Records provided Start Marker

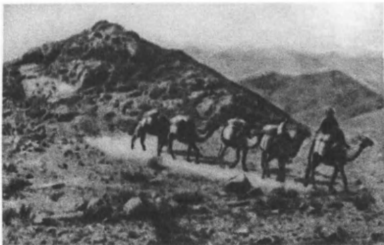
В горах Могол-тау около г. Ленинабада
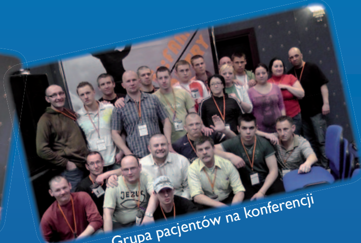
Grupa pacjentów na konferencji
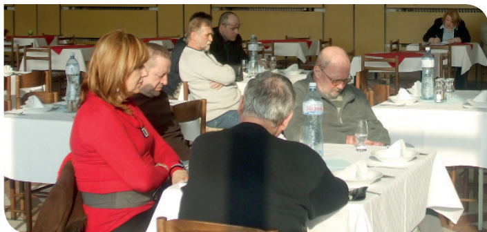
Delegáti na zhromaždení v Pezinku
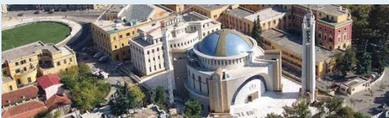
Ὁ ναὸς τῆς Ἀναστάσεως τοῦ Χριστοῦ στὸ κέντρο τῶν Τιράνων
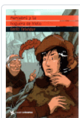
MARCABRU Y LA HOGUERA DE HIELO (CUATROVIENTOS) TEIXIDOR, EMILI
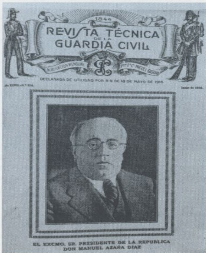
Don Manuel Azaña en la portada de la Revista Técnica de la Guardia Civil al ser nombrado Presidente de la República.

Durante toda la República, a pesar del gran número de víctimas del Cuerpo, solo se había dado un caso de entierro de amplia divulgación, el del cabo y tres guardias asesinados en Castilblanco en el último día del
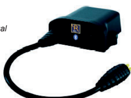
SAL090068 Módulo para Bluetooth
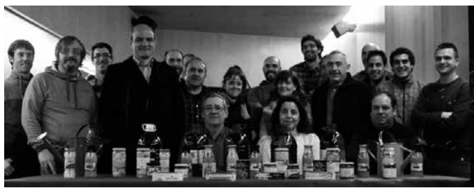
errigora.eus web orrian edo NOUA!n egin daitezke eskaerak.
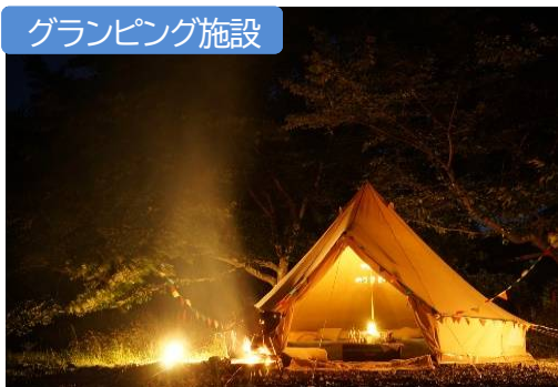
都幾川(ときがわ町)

Records provided End Marker

Go back to the records above and write them out exactly, without the pictures.

Result of the task ::
В горах Могол-тау около г. Ленинабада
Grupa pacjentów na konferencji
Delegáti na zhromaždení v Pezinku
Ὁ ναὸς τῆς Ἀναστάσεως τοῦ Χριστοῦ στὸ κέντρο τῶν Τιράνων
MARCABRU Y LA HOGUERA DE HIELO (CUATROVIENTOS) TEIXIDOR, EMILI
Don Manuel Azaña en la portada de la Revista Técnica de la Guardia Civil al ser nombrado Presidente de la República.

Durante toda la República, a pesar del gran número de víctimas del Cuerpo, solo se había dado un caso de entierro de amplia divulgación, el del cabo y tres guardias asesinados en Castilblanco en el último día del
SAL090068 Módulo para Bluetooth
errigora.eus web orrian edo NOUA!n egin daitezke eskaerak.
都幾川(ときがわ町)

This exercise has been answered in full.